L'angoisse de l'héroïne, parfois atténuée par des apparences trompeuses, nous entraîne dans un thriller original, où des évidences surgissent comme des bouées de sauvetage dans l'univers flou de Christine. L'auteur parvient à nous montrer la réalité à travers un prisme particulier, celui d'une amnésique qui reconstruit inlassablement, ce qui crée un malaise mais aussi une nouvelle approche de la réalité.

Le vent de lève, Miyazaki

Le vent se lève, il faut tenter de vivre : devise de Jiro, enfant rêveur passionné d'aviation, inspiré dans ses rêves par Caproni, constructeur d'aéronef, et qui devient à son tour ingénieur en aéronautique. 
Il faut tenter de vivre... Pas facile lorsque l'on a survécu en 1923 au tremblement de terre de Kanto (à l'origine d'une centaine d'incendies... attisés par de vents violents). Jiro aurait pu aussi baisser les bras lorsque le premier avion qu'il conçoit s'écrase lors d'un vol d'essai ou lorsqu'il apprend que la jeune femme qu'il veut épouser est atteinte de la tuberculose. Mais il décide contre vents et marées de vivre à plein jusqu'au dernier souffle de sa bien-aimée. Il parvient ainsi à réaliser un avion, le chasseur zéro, qui deviendra l'avion des kamikazes de la seconde guerre mondiale.

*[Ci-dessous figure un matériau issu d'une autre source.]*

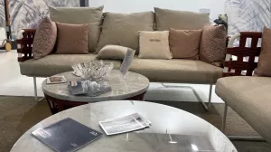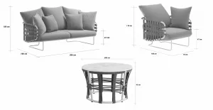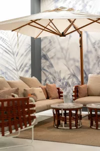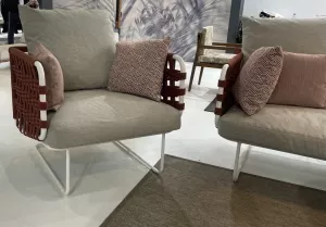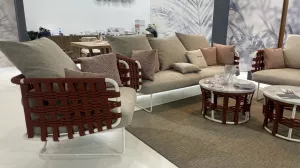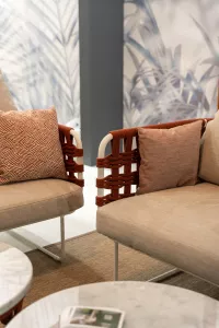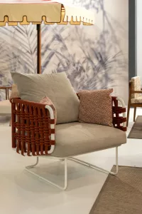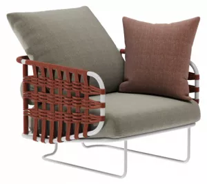 Коллекция с ее насыщенными тонами встречает гостей беспрецедентной универсальностью: она идеально подходит как для светских мероприятий, так и для приватного отдыха. Баланс форм и объемов адаптируется ко всем различным пространствам, от домашних террас до элегантных и изысканных открытых площадок отелей и крупных заведений. Уникальная переплетающаяся веревочная система, являющаяся легким мотивом всей коллекции, обеспечивает крепкую плетеную спинку диванов и кресел. Мягкие подушки, чередующиеся однотонными цветами с геометрическими узорами, создают удобные поверхности для сидения. Металлические конструкции переплетаются с тканевыми веревками, создавая расслабляющее гнездышко на открытом воздухе. Ансамбль необходимых и тщательно продуманных форм, которые придают любому открытому пространству ощущение гостеприимства и уюта.

Film riche de références historiques de l'avant-guerre à la seconde guerre mondiale. Miyasaki nous fait ainsi pénétrer dans le proche passé de la société japonaise, plus encore : à travers des clins d’œil répétés à la culture européenne, il crée des liens inattendus entre les deux mondes.
Ce film d'animation décrit avec poésie et humour les plaies d'une vie, la souffrance vécue dignement, mais donne aussi à voir une soif de vie à toute épreuve.